## [DATASET RECORDS]
++++++++

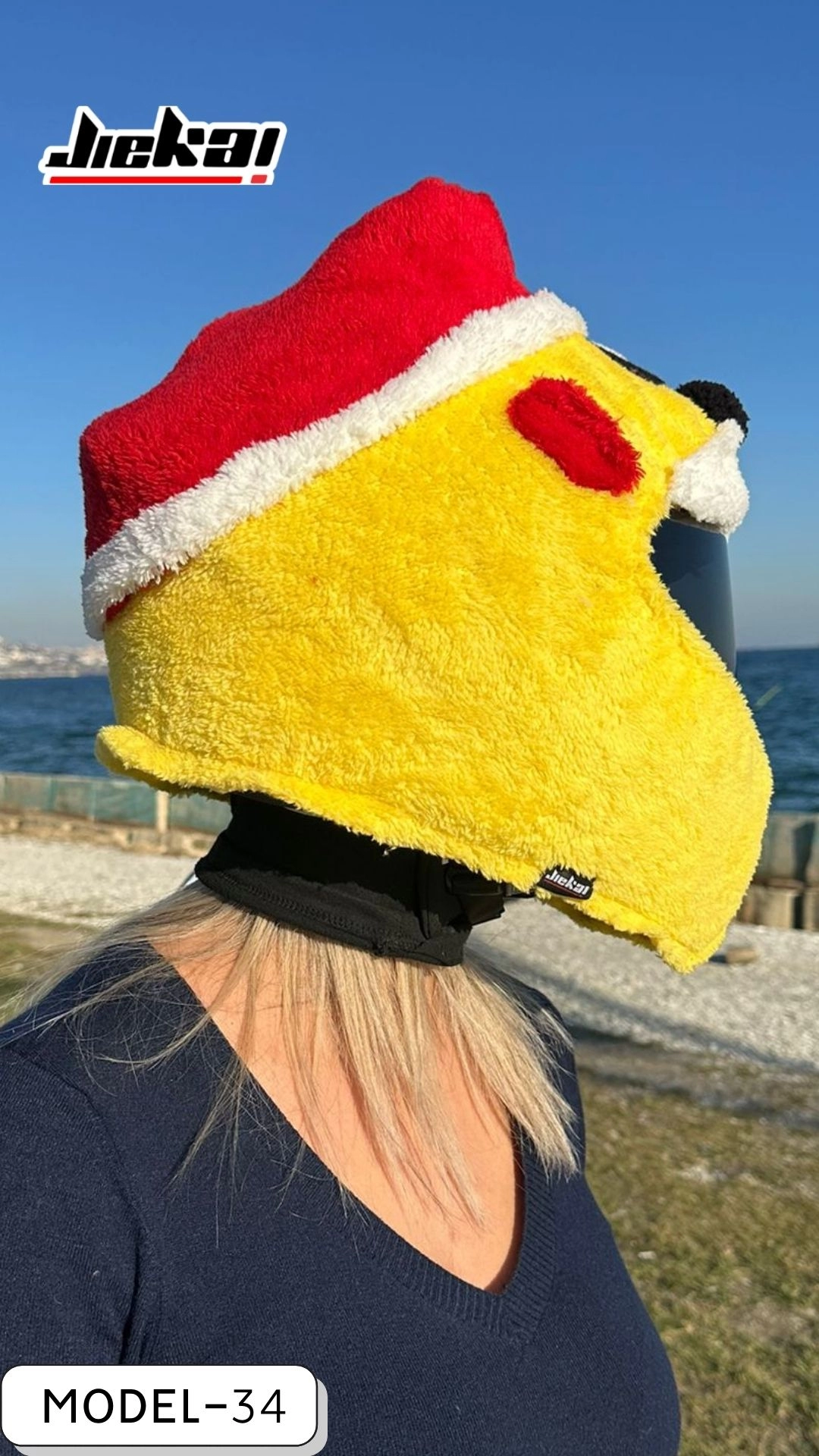 JİEKAİ koleksiyonuna yeni eklenen Pika Noel Kask Peluşu, eğlenceli tasarımı ve yılbaşı ruhunu yansıtan detaylarıyla motosiklet sürüşlerine neşe katıyor. Noel temasıyla özel olarak tasarlanan bu model, sevimli görünümüyle hem kendiniz hem de sevdikleriniz için dikkat çekici bir tercih sunar.
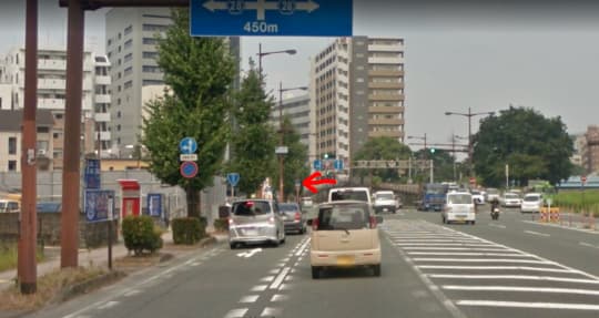 次は「熊本城県(道28号線)」(左)の標識が見えた信号を左折してください。
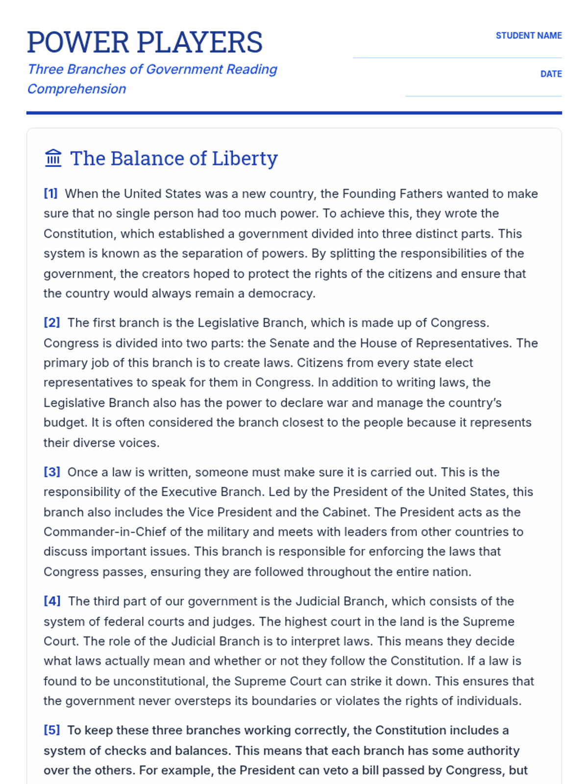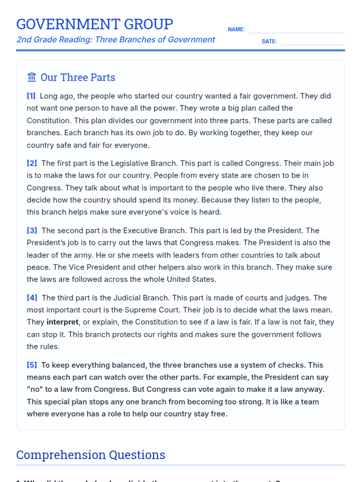 A 2nd-grade reading comprehension worksheet about the three branches of government. It includes a 5-paragraph passage, 5 multiple-choice questions, and a teacher's answer key with paragraph references.
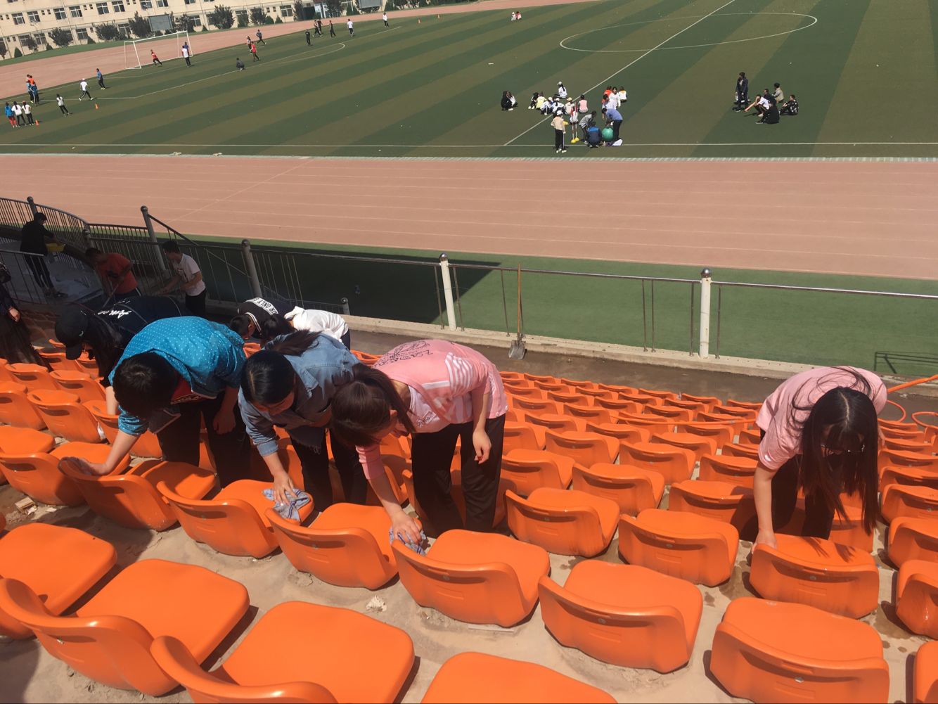 活动现场,交通运输系学生党员志愿者们手拿扫帚、水桶、抹布、拖把等劳动工具,对主席台各个角落及看台坐席座位进行了全面清理,大家分工协作,有的洒水,有的抬水,有的扫地,有的擦主席台,有的清理垃圾,每个成员都干劲十足。现场一派热火朝天的景象,在活动中,党员及入党积极分子始终发扬不怕脏,不怕累的工作精神,积极认真的为环境的洁净尽自己最大的一份力量,经过全体人员的努力,主席台及座席上的灰尘被清扫的干干净净,环境卫生焕然一新。
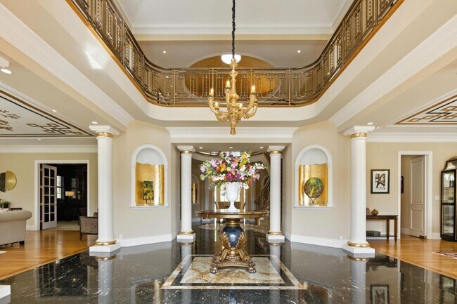 Elegant Mediterranean Classic two-story estate blending old-world charm with modern comfort. Located at the end of a quiet cul-de-sac for exceptional privacy, the home features Roman columns, ornate ceilings, and an open floor plan. Main level includes formal living and dining rooms with butlers kitchen, mahogany-paneled library, office suite, and kitchen-family room overlooking the lush backyard. Five generously sized bedroom suites upstairs, including an expansive primary suite with sitting area. Resort-style backyard with pool, spa, and home theater. Minutes to Sand Hill Road, Stanford, and major tech campuses. Top Los Lomitas schools. MLS # ML82033187
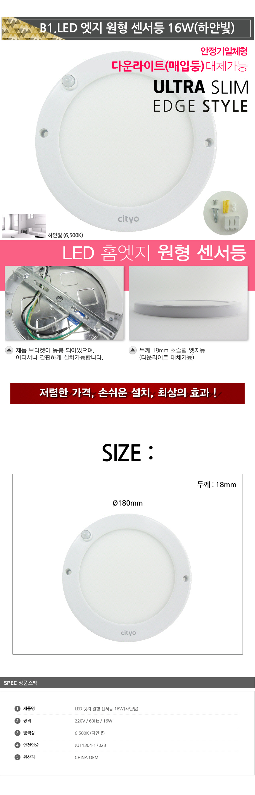 B1.LED¿§Áö ¿øÇü¼¾¼ 16W ÇϾáºû (-24,300¿ø)
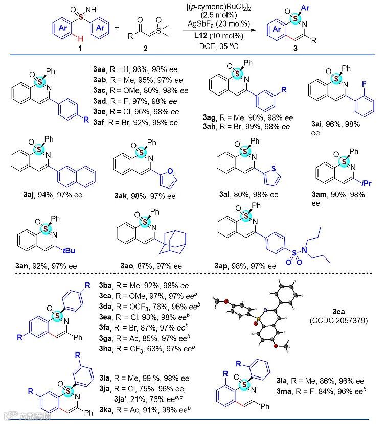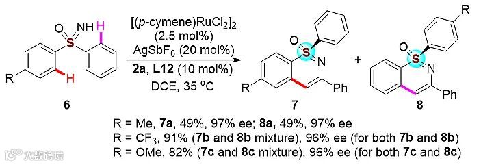 浙江大学化学系史炳锋团队通过设计合成了一类新的手性羧酸配体,实现了首例Ru(II)催化的通过碳氢键活化产生手性中心的不对称官能团化反应。该反应体系对于去对称化,动力学拆分,平行动力学拆分都能有很好的底物兼容性。同时反应生成的高光学纯的手性亚砜亚胺有较为广阔的应用前景。
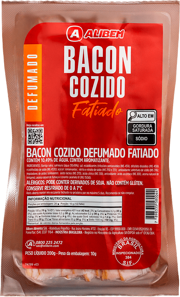 O Bacon em Fatias da Alibem é produzido a partir da barriga suína, cuidadosamente selecionada para garantir a proporção ideal entre carne magra e gordura. Passa por cura e defumação controlada, preservando aroma e sabor característicos. Cortado em fatias uniformes, mantém textura firme e consistência, sendo ideal para grelhar, assar, fritar ou incorporar em receitas que exigem praticidade, sabor marcante e padronização confiável da Alibem.
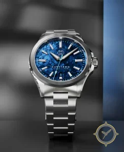 A Sports watch with a versatile 39mm case, that suits most wrists, crafted from stainless steel featuring a blue dial with a unique crushed-ice / marbled texture finish.

++++++++

The answer must be the lines above, word for word, from the first one through the line with "B1.LED¿§Áö ¿øÇü¼¾¼ 16W ÇϾáºû (-24,300¿ø)", pictures excluded.

 JİEKAİ koleksiyonuna yeni eklenen Pika Noel Kask Peluşu, eğlenceli tasarımı ve yılbaşı ruhunu yansıtan detaylarıyla motosiklet sürüşlerine neşe katıyor. Noel temasıyla özel olarak tasarlanan bu model, sevimli görünümüyle hem kendiniz hem de sevdikleriniz için dikkat çekici bir tercih sunar.
 次は「熊本城県(道28号線)」(左)の標識が見えた信号を左折してください。
 A 2nd-grade reading comprehension worksheet about the three branches of government. It includes a 5-paragraph passage, 5 multiple-choice questions, and a teacher's answer key with paragraph references.
 活动现场,交通运输系学生党员志愿者们手拿扫帚、水桶、抹布、拖把等劳动工具,对主席台各个角落及看台坐席座位进行了全面清理,大家分工协作,有的洒水,有的抬水,有的扫地,有的擦主席台,有的清理垃圾,每个成员都干劲十足。现场一派热火朝天的景象,在活动中,党员及入党积极分子始终发扬不怕脏,不怕累的工作精神,积极认真的为环境的洁净尽自己最大的一份力量,经过全体人员的努力,主席台及座席上的灰尘被清扫的干干净净,环境卫生焕然一新。
 Elegant Mediterranean Classic two-story estate blending old-world charm with modern comfort. Located at the end of a quiet cul-de-sac for exceptional privacy, the home features Roman columns, ornate ceilings, and an open floor plan. Main level includes formal living and dining rooms with butlers kitchen, mahogany-paneled library, office suite, and kitchen-family room overlooking the lush backyard. Five generously sized bedroom suites upstairs, including an expansive primary suite with sitting area. Resort-style backyard with pool, spa, and home theater. Minutes to Sand Hill Road, Stanford, and major tech campuses. Top Los Lomitas schools. MLS # ML82033187
 B1.LED¿§Áö ¿øÇü¼¾¼ 16W ÇϾáºû (-24,300¿ø)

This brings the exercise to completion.